How can the opposition get the goods on what the PCs are planning?

In a modern game, there’s SIGINT–signals intelligence. If the PCs discuss anything over a telephone, cell phone, or internet, it can be “overheard.” They may be taking precautions not to be overheard, and that needs to be taken into consideration. How good are their countermeasures? And if it is possible for the opposition to get some SIGINT, how much do they get and what can they deduce from it?

This is a place where it’s tough for the GM not to overstep. You know what the PCs are planning, so even small hints might seem like all the clues that should be needed to tip off the bad guys.

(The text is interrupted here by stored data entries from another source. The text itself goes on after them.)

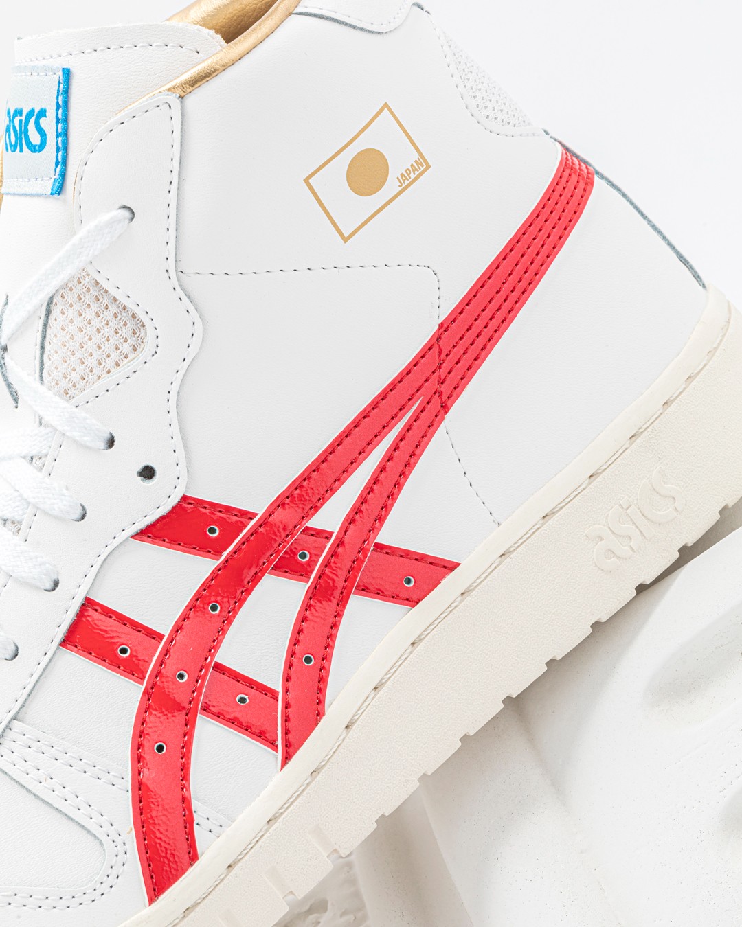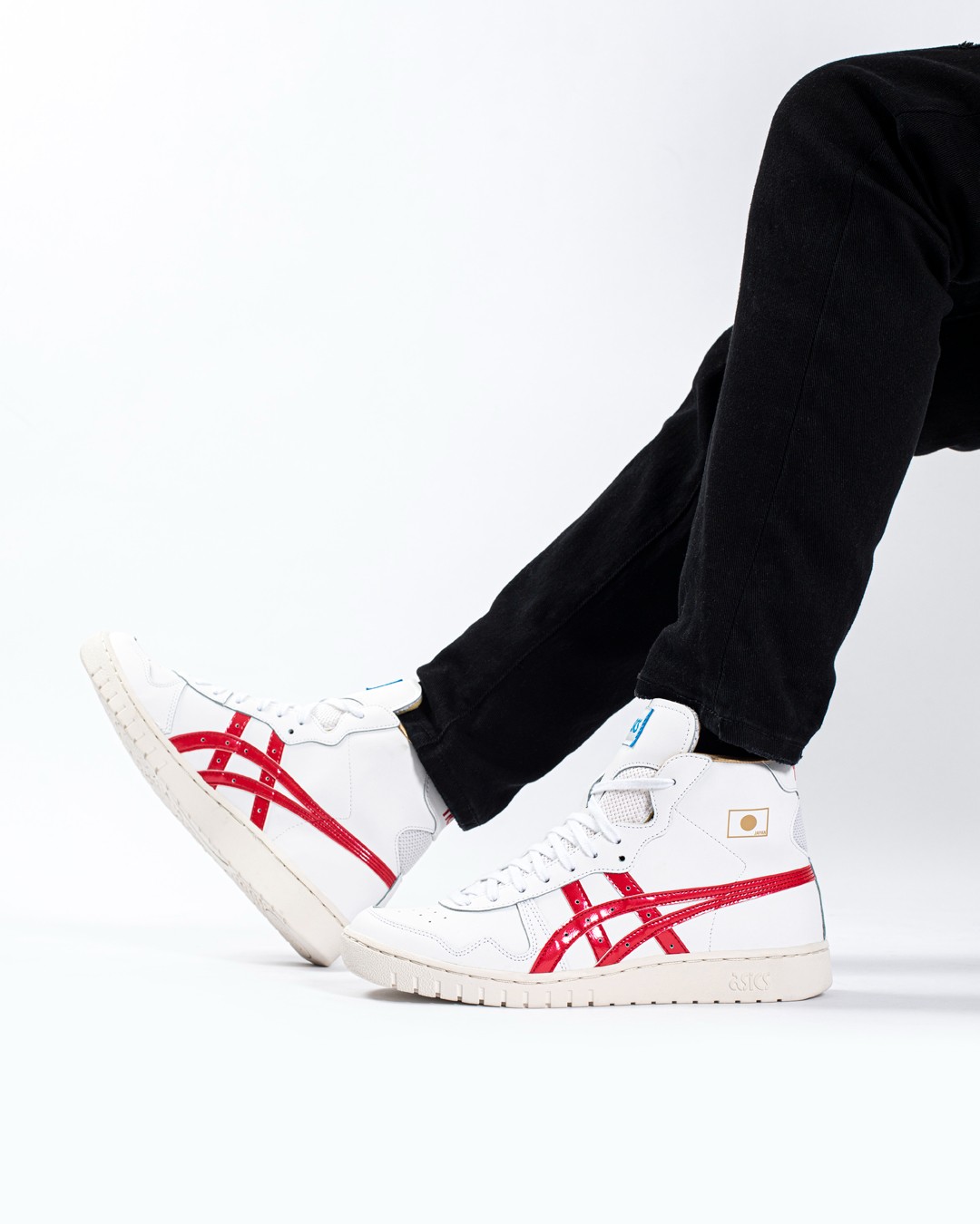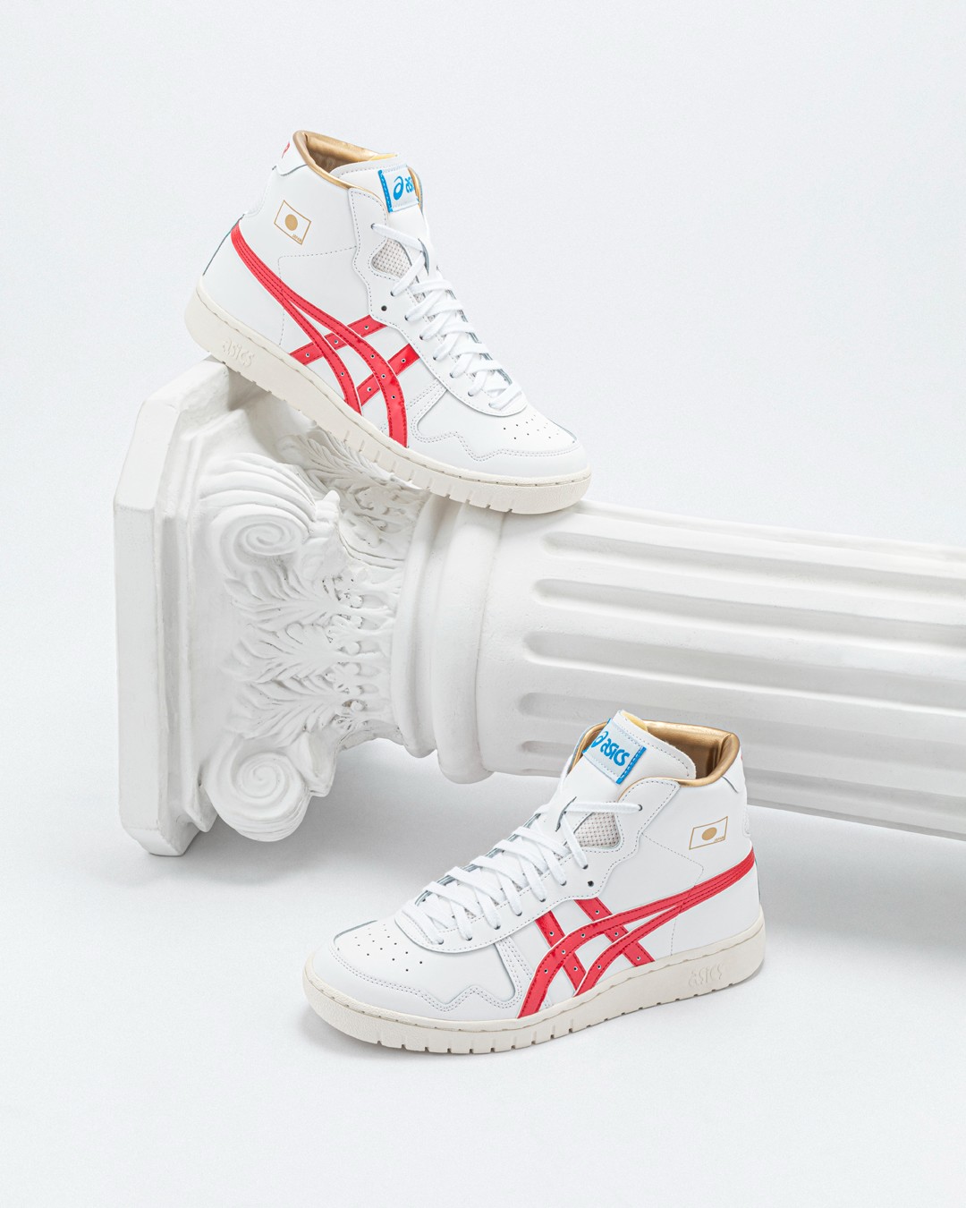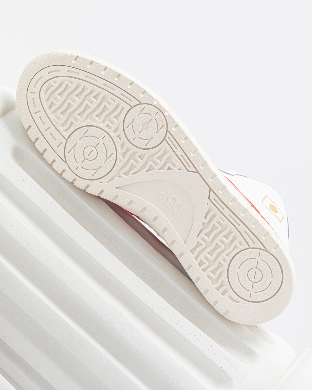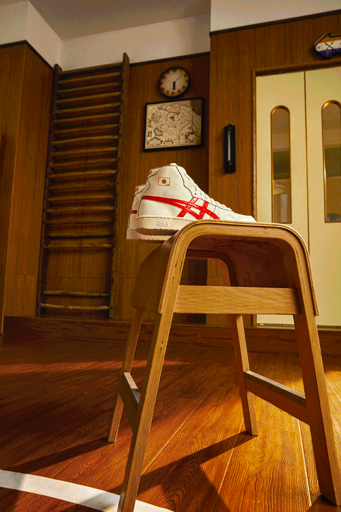 整双鞋以 Asics 篮球鞋历史上极具标志性的鞋款 JAPAN L 为蓝本进行创作,配色方案沿用了经典的白红造型呈现,与动漫中湘北篮球队主队队服配色一致。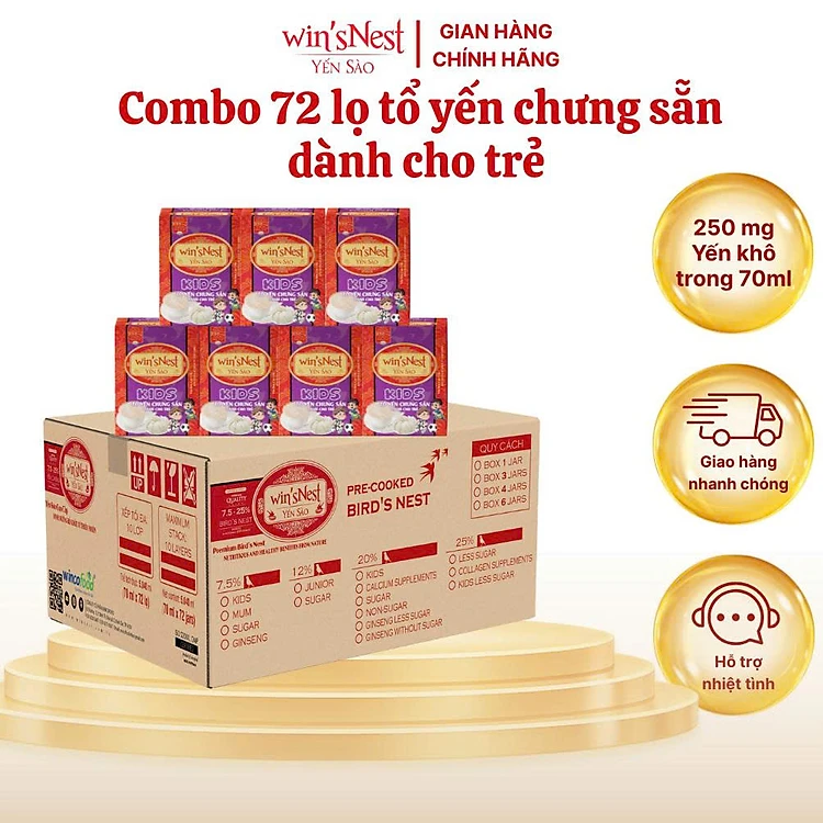 Thùng 72 lọ Yến Sào Win'snest Kids Tổ Yến Chưng Sẵn Dành Cho Trẻ 20% (70 Ml/ Lọ)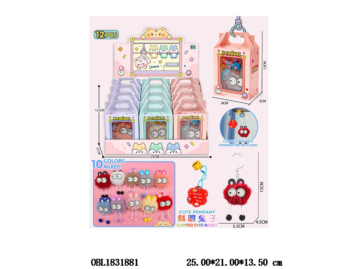 斜眼兔子挂件钥匙扣 10色混装 12小盒装一展示盒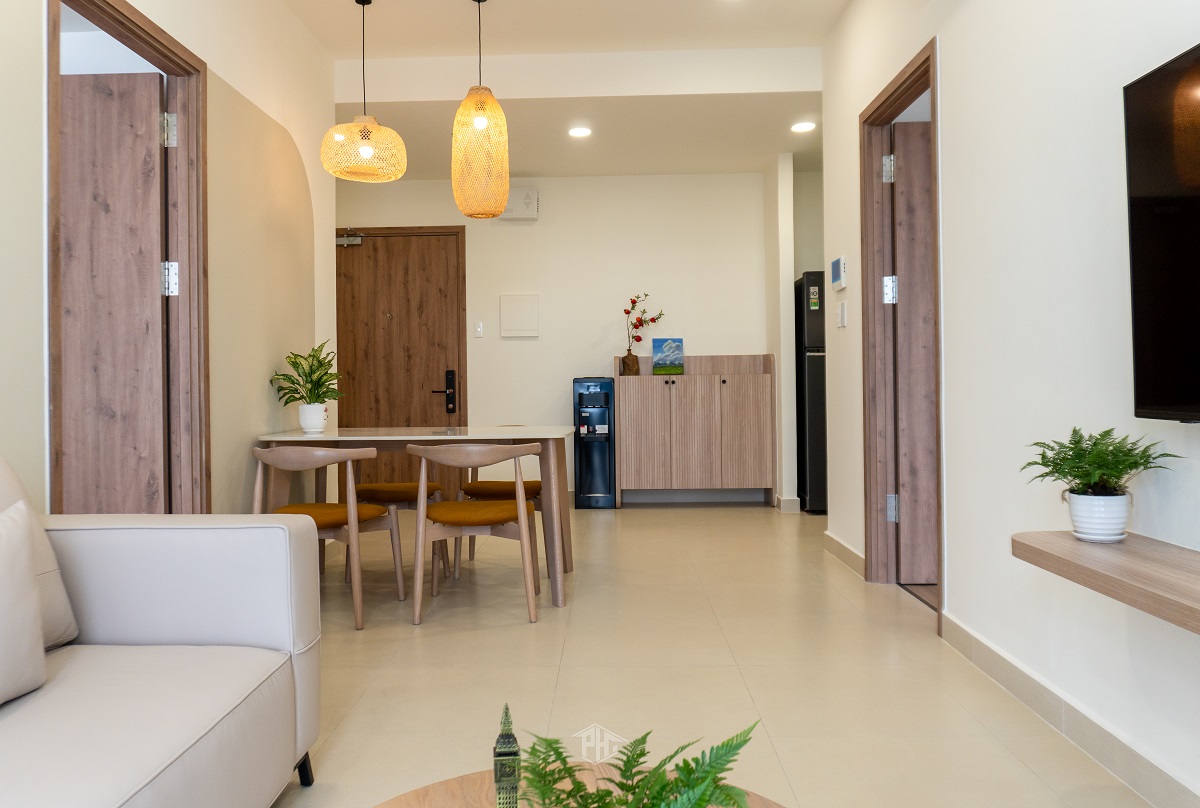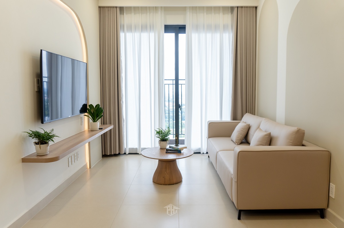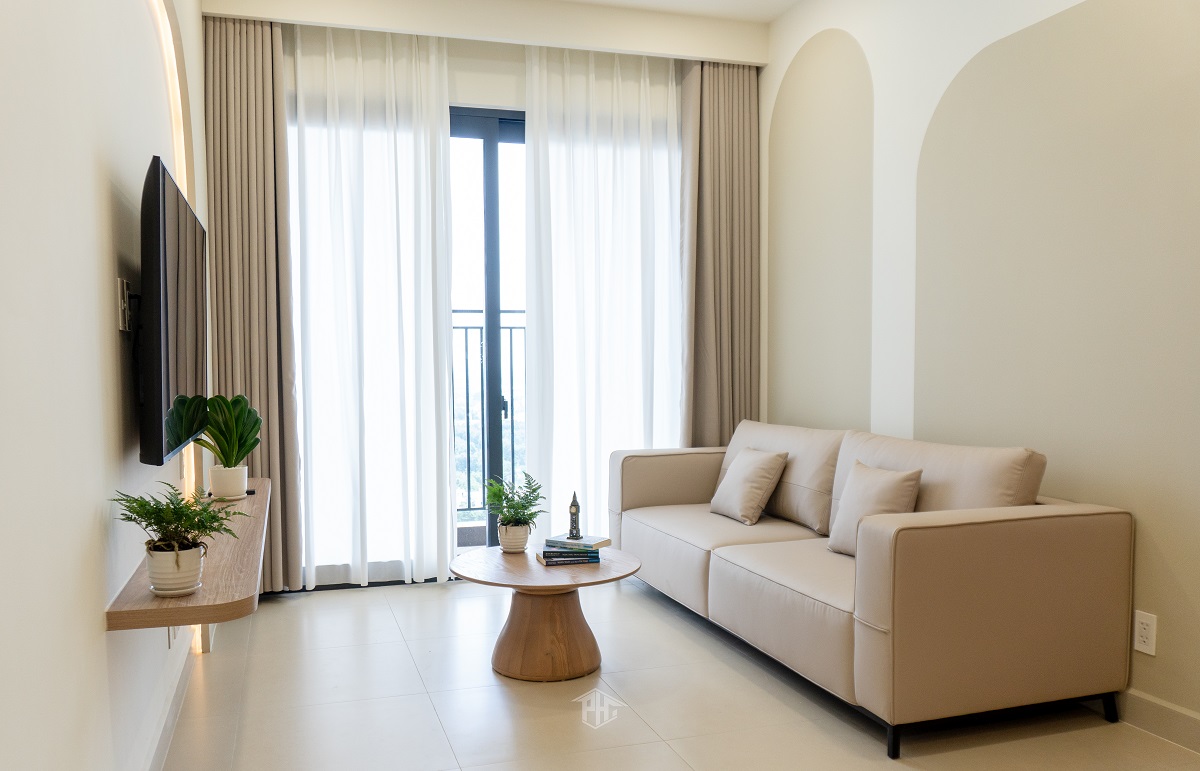 Phòng khách được xem là “trái tim” của căn hộ, vừa là nơi sinh hoạt chung, vừa là điểm nhấn tạo ấn tượng cho khách thuê ngay từ lần đầu bước vào.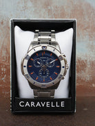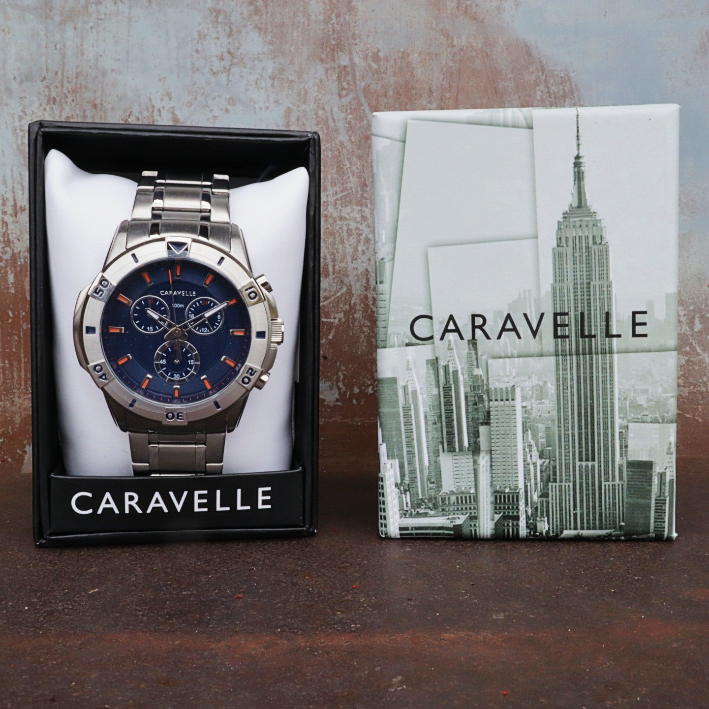 This sporty, but functional, watch would make the perfect gift for dads, grads, groomsmen and more! Features include quartz movement, glow-in-the-dark hour & minute hands and chronograph, and contrasting orange markers that pop off the blue face making it easy to read. Its white stainless steel case features a brush finish and high polish details. Quartz movement. This watch is part of our Caravelle line made by Bulova.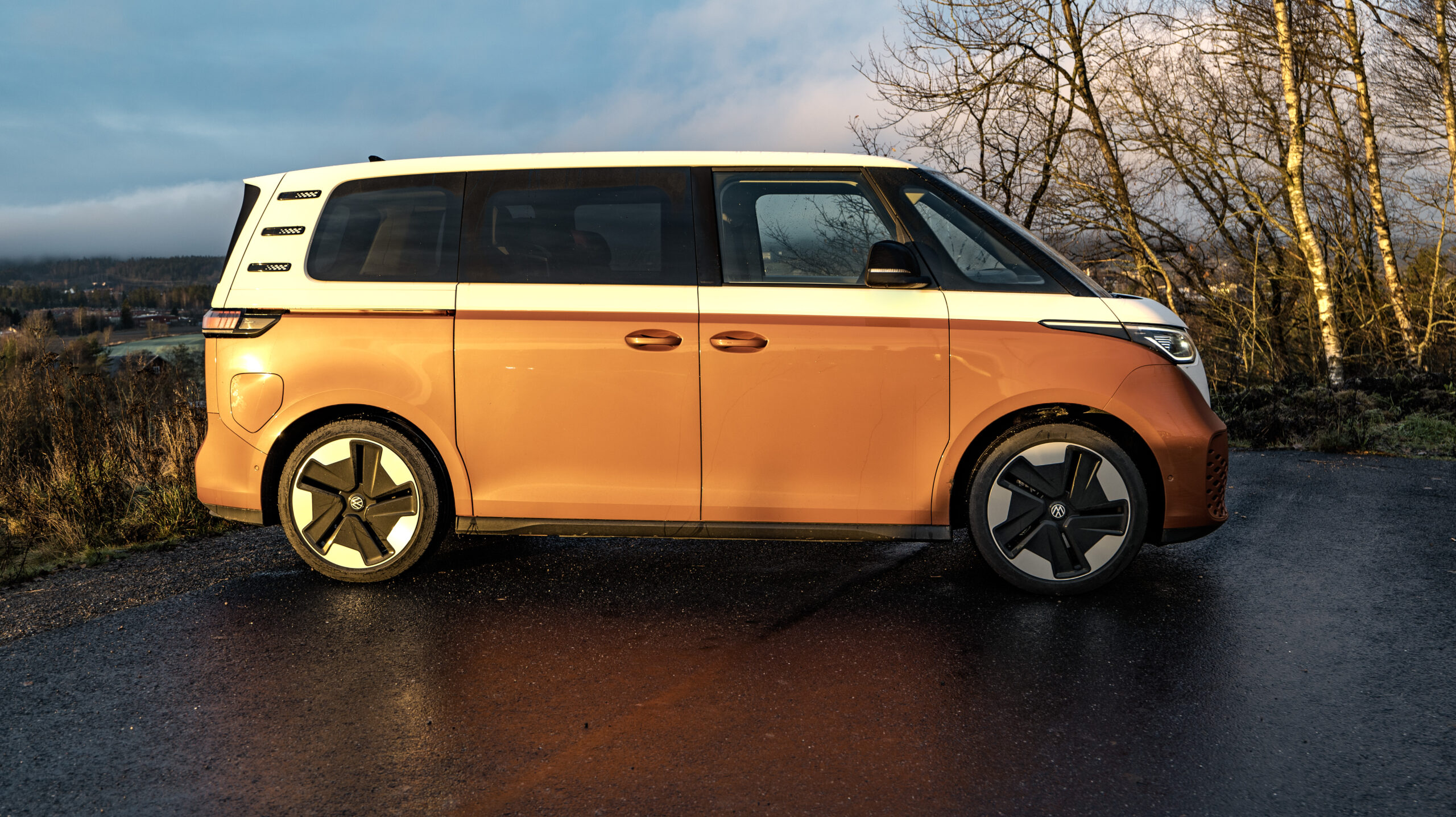 Vores testbil er tofarvet hvid og orange. Vildt cool og en tydelig flirt med den oprindelige, tofarvede ‘hippie-van’.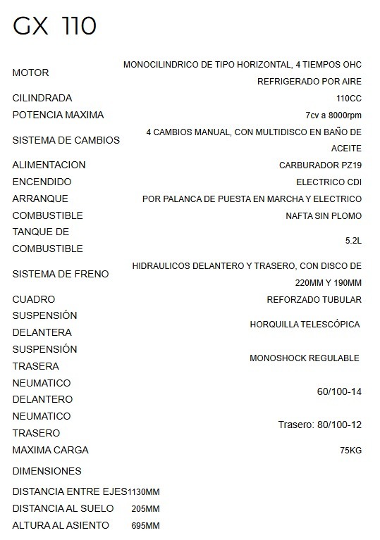 Descripción La atractiva GX110 ha sido diseñada para ofrecer a los jóvenes pilotos una facilidad de conducción todo terreno. Su motor 4T de 110cc ofrece una suave pero constante entrega de potencia para una diversión sin límites. Con Su increíble suspensión invertida regulable, hace que cualquier tipo de terreo no sea un obstáculo ofreciéndole al piloto un excelente confort de manejo. Las dimensiones hace que sea una moto muy ágil de manejar, es compacta liviana y adaptable a cualquier piloto gracias a sus amortiguadores delanteros y el trasero regulables en altura y dureza, es ideal para aquellos jóvenes de 14 años atrevidos que se quieren iniciar en el todo terreno.

But try to dial it back and be realistic regarding what the opposition has actually learned.  One clue that can easily lead to an unravelling is a name or even the recipient of a telephone call.

If the opposition learns about any part of the PCs support network, from their fence to their armourer to their tailor, you can bet the opposition is going to try for a snatch and grab and then some questioning. Will the NPC they’ve got crack? How long will they hold out? And what do they know?

The addition of even small amounts of information from NPCs that support the PCs can help the opposition get a better idea of what the PCs plan, or at least to where they might be destined.

And then there is the big resource, HUMINT–human intelligence. Are the PCs under surveillance? What about the team on the rooftop across from the apartment that are using hyper-sophisticated eavesdropping gear to listen in on the planning session? The neighbours might be worried that the PCs are terrorists and have called the FBI with a complaint . . . a complaint that the opposition has snatched from the FBI’s poorly guarded network.

And then there are the moles. Oh yes, there could be moles. Again, as I mentioned in “The Flick Got Switched,” betrayal from within the group can be tricky. If it’s not handled right, it can bring worse outcomes than suspected GM fiat. But consider this: if one of your players bows out and you’ve got a loose PC that has suddenly become an NPC, do you have a purpose-built mole right there? Depending on the game and its background, perhaps. In a game similar in tenor to Dark Horizons, it might work perfectly.